In Beijing, Foreign Ministry spokeswoman Zhang Qiyue said the Chinese government was "seriously concerned" and "strongly opposed" to the U.S. arms sale plan, which includes 12 P-3 sub-hunter aircraft and assistance to Taiwan in the purchase of eight diesel-powered submarines.

"Washington must exercise prudence on the question of arms sales to Taiwan, so as not to create new harm for relations," Zhang said.

Despite the negative tone, the statements from Beijing were fairly restrained, China analysts said.

"Their main statement is that they have serious concerns," said Mark T. Fung, assistant director of China studies at the Nixon Center in Washington. "But in diplomatic lingo, that's sort of a breath of relief.
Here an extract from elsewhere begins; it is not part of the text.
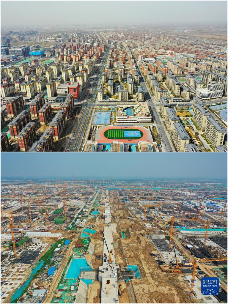 拼版照片:上图为2023年3月24日拍摄的雄安新区容东片区(无人机照片);下图为2020年8月11日拍摄的雄安新区容东片区建设现场(无人机照片)。

It's not as vitriolic as if some other package had gone through."

No fewer than three delegations from Beijing visited Washington in the early weeks of Bush's term to try to dissuade his administration from approving the Aegis system, which would have allowed Taiwan to track more than 100 planes, ships, missiles and other targets simultaneously.

By saying no on the Aegis, at least for now, Bush allows Chinese President Jiang Zemin to claim a foreign policy success.

"It helps China's moderate leadership remain intact," said Fung. "If the Aegis had gone through, the hawks in the Chinese government and military could have said, `We were right all along. Let's ramp up our defense spending.'"

But the package Bush did approve seemed to satisfy many in Congress who had pressed for Aegis approval.

The fact that the Arleigh Burke-class destroyers wouldn't be ready for at least eight years removed some of the sense of urgency in Congress, analysts said. And doubts at the Pentagon about whether Taiwan's navy is sophisticated enough to deploy the system made Bush's decision more palatable on Capitol Hill.

"Basically, Bush is golden on the Hill," said Michael O'Hanlon, an Asia security analyst at the Brookings Institution. "You are going to have five or six people who are livid, but the bottom line is that if George Bush's biggest problem is that he can't rein in five or six far-right conservatives, that's not much to worry about."

In reaching the decision, Bush had to account not only for Republican hard-liners in Congress but pro-business GOP members who are wary of antagonizing Beijing. The recent air collision between a U.S. spy plane and Chinese fighter jet and Beijing's detention of 24 Americans added to pressure on Bush to take a hard line.

Valued at more than $4 billion, the sale of military hardware approved by Bush would give Taiwan a system of air, surface and submarine weapons with which to fend off an invasion or blockade by the mainland.

China has a few aging destroyers and no submarines.

The arms package would be the most robust for Taiwan since Bush's father approved the sale of 150 F-16 jet fighters in 1992.

Helms lauded Bush's decision, though he said that a sale of the Aegis system "is also justified."

Rep. Dana Rohrabacher, a California Republican and staunch China critic, said Bush "should have done more," but said the president "certainly showed more moxie than President Clinton."

Some Republicans raised concerns about whether Taiwan would ever obtain the diesel submarines approved in Bush's package. No U.S. shipyard has built a diesel sub in decades, and the plan is to buy submarine hulls overseas and have a U.S. contractor outfit them for Taipei.